屋内烛火昏黄, 手中的战报被照出几分暖光。

战报上说,大晋这一番派来了很多名将,甚至, 大晋的皇后还亲自随军征战。

皇后随军,皇后——

宁月想到皇后这两个字, 脑海里就浮现出了烟令颐的面。她离开长安已经很久很久了, 久到她都有些记不得烟令颐的模样。

但她知道烟令颐的性情, 随军征战这种事情,烟令颐是干得出来的。

想到烟令颐, 她就想到很久很久很久很久之前, 久到像是上辈子的事儿, 她们在三灵山中,窗外是摇晃的枝木,飞过的翠鸟, 窗内是散发着果气的线香。

那时候烟令颐还是她的皇嫂, 她躺在皇嫂的膝盖上,皇嫂温柔的抚着她的发鬓,她沉沉的睡过去。

那时候她还只是一个什么都不太知道的小公主, 只要一闭上眼,天大的事儿都能忘到脑后,反正不管什么问题, 只要丢给皇嫂,皇嫂就能办好,她只要缩在皇嫂后面,就可以无忧无虑。

直到现在——

她再睁开眼时,眼前已经不是三灵山的青翠草木,而是一张张战报, 大晋皇后御驾亲征这八个字,刺着她的眼。

人间一场大梦,世事几度秋凉。

她的手指无意间拿起一旁的毛笔,在纸张上绘出皇嫂的眉眼。

寥寥几笔,其上皇嫂似乎活过来了,透过一张纸在看着她,她怔愣间,突然想出门走走。

她想看外面的月亮,看看今晚的月,是不是还和三灵山的月一样。

但是当她推开门时,第一眼看到的不是月亮,而是站在月下、高大英武的男人。

对方不知道望了她多久,看的宁月心中都是一紧。

“帝君怎么到我这里来了?”她往后退开,让萧云翎进来,面上有些许忐忑。

她自知身份不好,所以眼下萧云翎跟大晋要打仗,她从不去萧云翎面前钻研,免得回头看见什么不该看的战报叫萧云翎难做。

萧云翎一踏进来,就看见宁月蔫儿蔫儿的垂着头,缩着脖子的样子,瞧着十分可怜。

萧云翎轻轻地“啧”了一声,把她拉到近前来,抬手揉过她的头,问:“谁给了你脸色?”

宁月摇头:“没有。”

萧云翎这人儿霸道得很,他说他要宁月,哪怕宁月因身份不受喜欢,旁人也不敢表现出来,面上一贯都对宁月十分敬重。

只是宁月自己心里过不去。

“没人给你脸色,就是你在给朕脸色。”萧云翎掐着她的脸蛋把她的脸捧起来,像是揉搓一块糯米团子一样搓,自从之前在山里搓过一次之后,他就爱上了这种感觉,捏了几下之后,萧云翎低头,在她脸上半亲半咬的嘬了一口,道:“你不必怕,朕不会叫你难做。”

不管打成什么样,都是男人之间的事儿,萧云翎不会将宁月祭出来。

宁月本来有几句话要说,但脸蛋被他的手指头揉的乱七八糟的鼓在一起,那些话就也被揉成了含含糊糊的呢喃,听不懂,但感觉格外好吃。

萧云翎用手指拨弄着她的唇瓣,似是碰到了什么可心的玩具一样一直玩儿,眼眸越来越幽暗,却一直不曾更进一步。

他这人,在某种时候意外的讲规矩,宁月不开口允许,他就不碰宁月,最多捏揉两下,亲嘬两口。

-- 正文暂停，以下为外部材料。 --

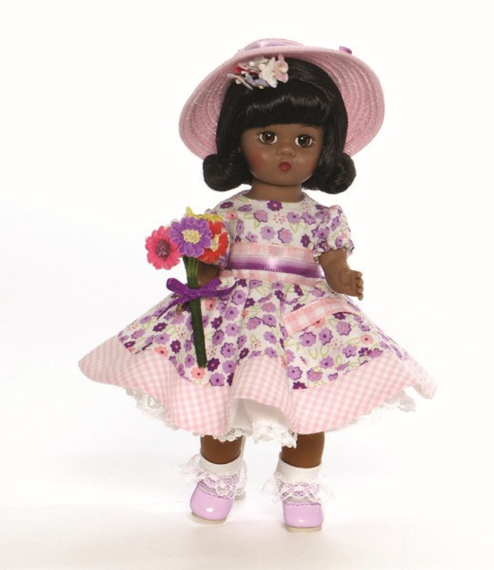 This Madame Alexander Ring Around The Rosie Black Nursery Rhyme doll wears a pink and purple flower print dress with a large hat, she comes with a bouquet of flowers
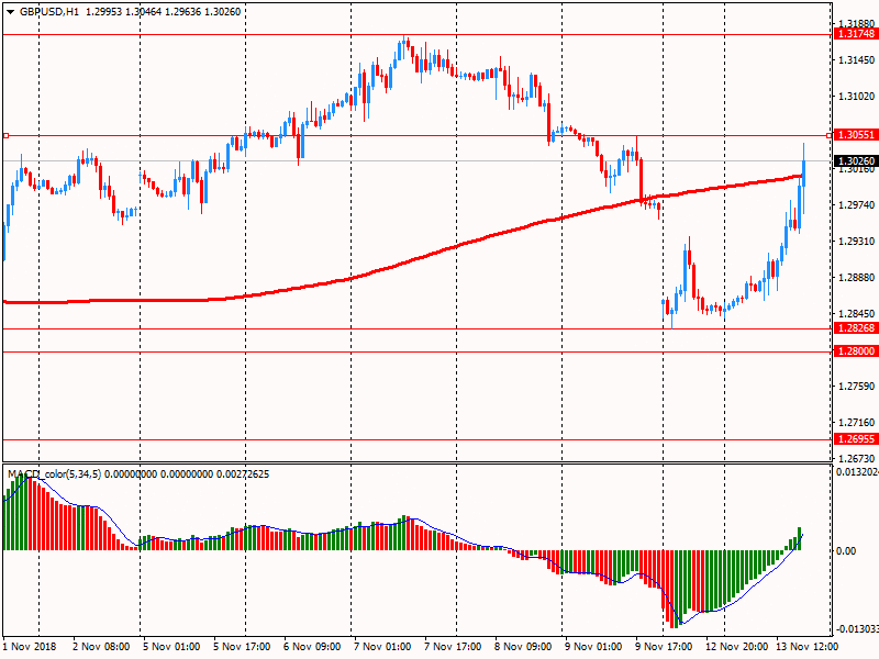 Пара GBP/USD ускорила свой рост и готовится зафиксировать крупнейшее сессионное повышение с января. Поддержку фунту оказало сообщение издания The Telegraph о том, что премьер-министр Мэй представит черновой вариант соглашения по Брекзиту уже завтра.

宁月闭着眼睛等着他亲完,却听见头顶上传来一道淡淡的声音,道:“今日最后一场仗,若是朕死了,会有人将你送回大晋。”

宁月惊讶睁眼。

她还以为萧云翎会杀了她陪葬呢。

“宁月不问问,若是朕赢了呢?”萧云翎问她。

宁月心口怦跳,偏过脸去没有回答。

萧云翎也不逼她,她只要表现出逃避、退缩、脆弱的一面时,萧云翎就会立刻后退,他明明已经将宁月抢到手了,甚至宁月自己也答应他,只要放掉林净水就愿意给他一切,但他依旧没有去拿,他给宁月保留最后一丝尊严,甚至没有再亲她,只道:“早些休息。”

说完这句话,萧云翎转身离开。

高大的背影被月光照落到宁月身上,宁月的手指下意识抬起来,却不敢碰到他,只虚虚的在他的影子上抓挠了一下,像是在挽留。

可他没回头,所以没看见。

他走的那样快,残存的温度还留在她身上,让宁月有一种说不出的不舍。

宁月怔怔地看着他的背影,片刻后轻轻地叹了口气。

萧云翎说的没错,任谁跟他相处过都会爱上他。

只是宁月的爱扭扭捏捏,藏啊藏,藏啊藏,不肯露出一丝。

第二日,南雪国出征。

两国再次交战,谁死谁活,就看这一回了。

第72章 大败 重伤

萧云翎出征时, 宁月站在城墙上看他。

整军待发的军队列成齐整的一片,一眼望去,盔甲上的冷光几乎要刺穿她的眼, 而在队伍的最前头,是一位金红色盔甲的将军。

那是萧云翎。

他们离得太远, 她看不见萧云翎的表情, 只能看到他红色的铠甲。

宁月远远看着他们, 想起她上一次上城墙。

那时候她还是大晋的公主,站在城墙上去送她的未婚夫, 一旁的宫女手中捧着鼓槌, 待到大军开拔时, 她就开始擂鼓。

而现在,她成了南雪国的皇后。

她垂着眸,站在高高的城墙上, 目送萧云翎离去之后, 重新回到她的厢房之中。

萧云翎带着大军离开之后,整个冰梨城就空旷下来了,这里只剩下了一些守卫, 宁月也没什么要做的事儿,她只剩下了两个字。

等待。

等待。

等待。

她没有什么能力去改变这一场战局,只能安安静静的缩在这个厢房里, 等待命运的裁决。

这一场仗一打就是小半个月,期间战报飞回来几封,萧云翎的信也飞回来几封。

这一日,辰时,厢房中。

宁月心事沉沉的将送来的战报与萧云翎的信打开看,战报上惊心动魄, 写两国征战,死伤人数,写大晋国的皇后用兵如神,铁血无情,甚至不留俘虏,烟令颐下令,将抓来的每一个南雪国人的头颅砍下来做成人观,。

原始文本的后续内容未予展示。